→ **Exercise aim**
Lines from the opening of the material through the line containing "Eigentlich wäre heute" must be duplicated word for word. Pictures are not.

→ **Data provided**
►
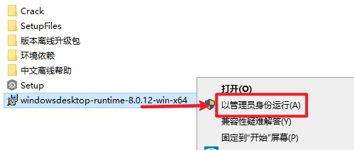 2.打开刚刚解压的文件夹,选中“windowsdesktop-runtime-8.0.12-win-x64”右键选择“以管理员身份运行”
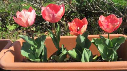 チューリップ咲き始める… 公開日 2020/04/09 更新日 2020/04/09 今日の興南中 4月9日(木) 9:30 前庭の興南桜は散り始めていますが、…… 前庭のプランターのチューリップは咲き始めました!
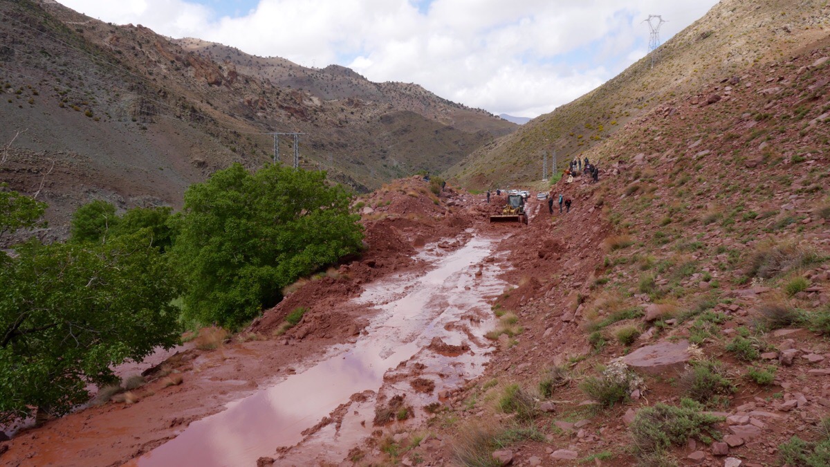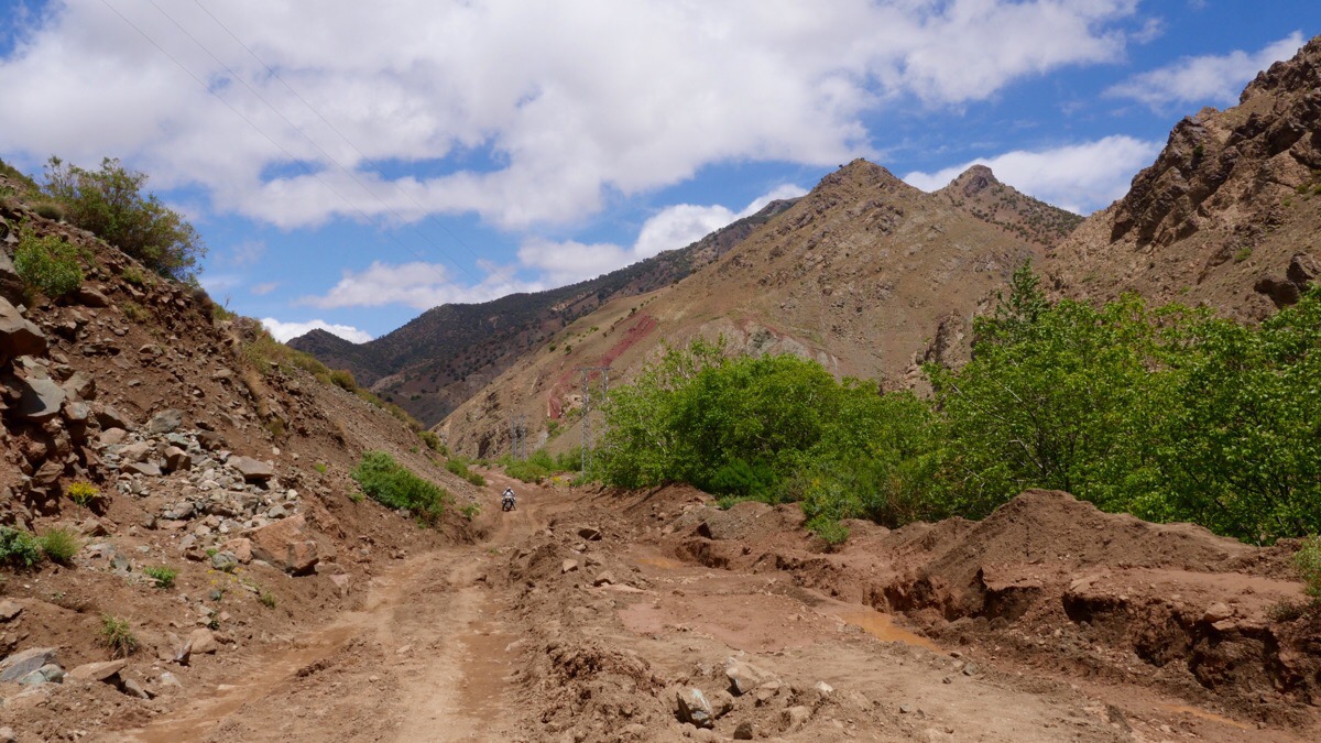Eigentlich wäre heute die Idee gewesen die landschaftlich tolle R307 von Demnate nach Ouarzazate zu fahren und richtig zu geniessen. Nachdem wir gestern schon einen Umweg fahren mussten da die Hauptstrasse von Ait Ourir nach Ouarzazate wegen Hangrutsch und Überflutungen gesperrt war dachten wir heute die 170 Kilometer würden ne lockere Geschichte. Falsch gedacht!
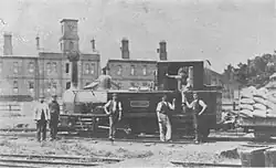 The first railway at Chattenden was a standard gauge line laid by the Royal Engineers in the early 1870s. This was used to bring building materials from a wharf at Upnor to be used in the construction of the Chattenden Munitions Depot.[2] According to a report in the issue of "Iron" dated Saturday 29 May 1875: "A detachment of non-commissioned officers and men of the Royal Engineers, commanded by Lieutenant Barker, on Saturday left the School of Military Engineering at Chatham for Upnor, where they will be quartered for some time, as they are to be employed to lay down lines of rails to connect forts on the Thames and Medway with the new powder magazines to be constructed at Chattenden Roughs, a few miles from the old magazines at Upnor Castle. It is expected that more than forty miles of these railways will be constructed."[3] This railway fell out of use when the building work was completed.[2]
◄
→ **Answer to this task**
 2.打开刚刚解压的文件夹,选中“windowsdesktop-runtime-8.0.12-win-x64”右键选择“以管理员身份运行”
 チューリップ咲き始める… 公開日 2020/04/09 更新日 2020/04/09 今日の興南中 4月9日(木) 9:30 前庭の興南桜は散り始めていますが、…… 前庭のプランターのチューリップは咲き始めました!
Eigentlich wäre heute die Idee gewesen die landschaftlich tolle R307 von Demnate nach Ouarzazate zu fahren und richtig zu geniessen. Nachdem wir gestern schon einen Umweg fahren mussten da die Hauptstrasse von Ait Ourir nach Ouarzazate wegen Hangrutsch und Überflutungen gesperrt war dachten wir heute die 170 Kilometer würden ne lockere Geschichte. Falsch gedacht!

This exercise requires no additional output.